Tuesday, August 5, 2014

The Rules of Agape Love?

Do nothing out of selfish ambition or vain conceit. Rather, in humility value others above yourselves, not looking to your own interests but each of you to the interests of the others. —Philippians 2:3-4

When Shawna and I were engaged to be married. I was reading every marriage book that I could find. I wanted to be the best husband that I could be. So I read, I prayed about what I read, and I reread parts that stood out. And I read all of the right books, if you know what I mean.
One night I was sat confused about what I had just read from one of the most noted marriage authors. What he had said contradicted the advice of the book I had finished earlier in the week by another reputed Christian marriage counselor. I was getting stressed as I looked for the right methods of being a good husband. These books were laying out the rules for loving my wife-to-be, but the rules were different. I wanted to throw the books across the room.

Then I had a thought that changed everything, “If I value Shawna above myself, then we will probably have a pretty good marriage.” I had been reading these books from the wrong point of view. My focus was wrong. I was focused on how I could be a good husband, on how I could be a heroic man for my soon-to-be wife. That focus was causing me to miss the point entirely.

Now we have been married nearly 16 years and with that there have been some relational challenges. But every time we’ve had rough waters, I’ve found that I was not considering her more important than myself.
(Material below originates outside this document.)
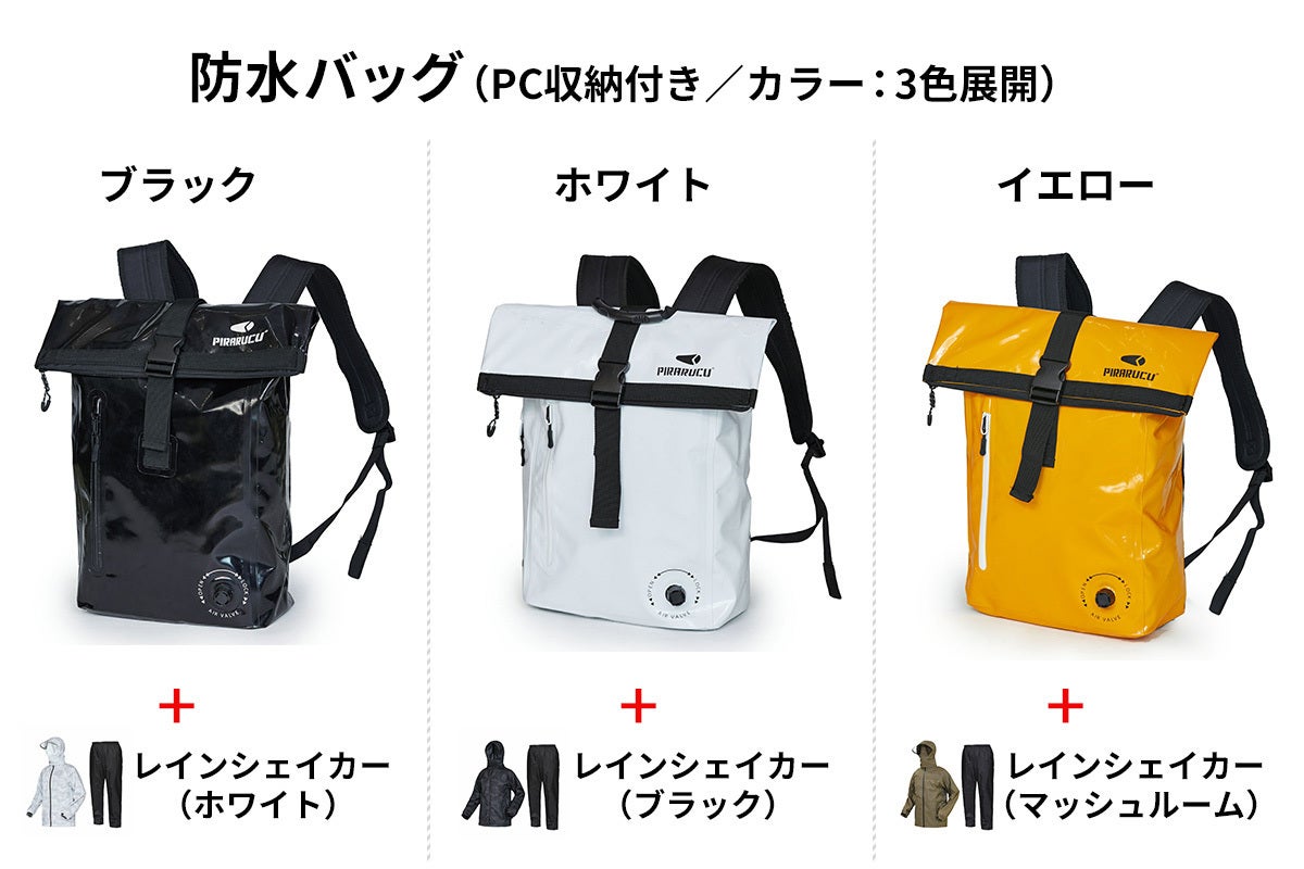 雨の日に一緒に使用して最高の使い勝手を実現する、カジメイク製「ピラルク」ブランドの防水バックパックです。

Isn’t this true of any relationship or any experience of community? There is no way to package up Phil 2:3-4 and boil it down to a set of universal principles that can be applied to any marriage. In fact, I have found that the way that I have considered Shawna more important than myself has varied through the years. It’s based on the law of love, the law of agape, which means self-sacrificial, other-oriented, choice-based love. When we are focused on ourselves, we miss the point of love because we are not seeing the other person. We are only looking at ourselves. Let’s look at this a little further so that we can get on the same page regarding this law of agape.
  • Other-oriented—which basically means turn our eyes to understand the other person. We allow them to be them without the need to fix them, teach them or to make them into anything but who God made them to be. We learn to listen to who they are and listen them into a new reality. We are not self-focused trying to get from the other person.
  • Self-sacrificial—By this I don’t mean self-depricating or self-loathing where a person puts others ahead of themselves because they view everyone else as being having more value than they have. It means that we love ourselves enough and see ourselves as having something to offer enough that we can sacrifice ourselves for the sake and the good of another person. 
  • Choice-based—Love like this cannot be forced or coerced. You cannot express agape because you feel that you must or because you are trying to be the right kind of Christian leader. It is something we freely choose to give another person.
This is the mind or attitude of Christ (Phil 2:5) which he displayed on the cross. This is how the Holy Spirit works in and through us today, changing us from the inside out so that we embody this kind of love for others. This is not about following some set of predetermined rules regarding what this love looks like. It’s “adopting this attitude” so that we can make room for the Spirit of God to shape us to be this kind of people.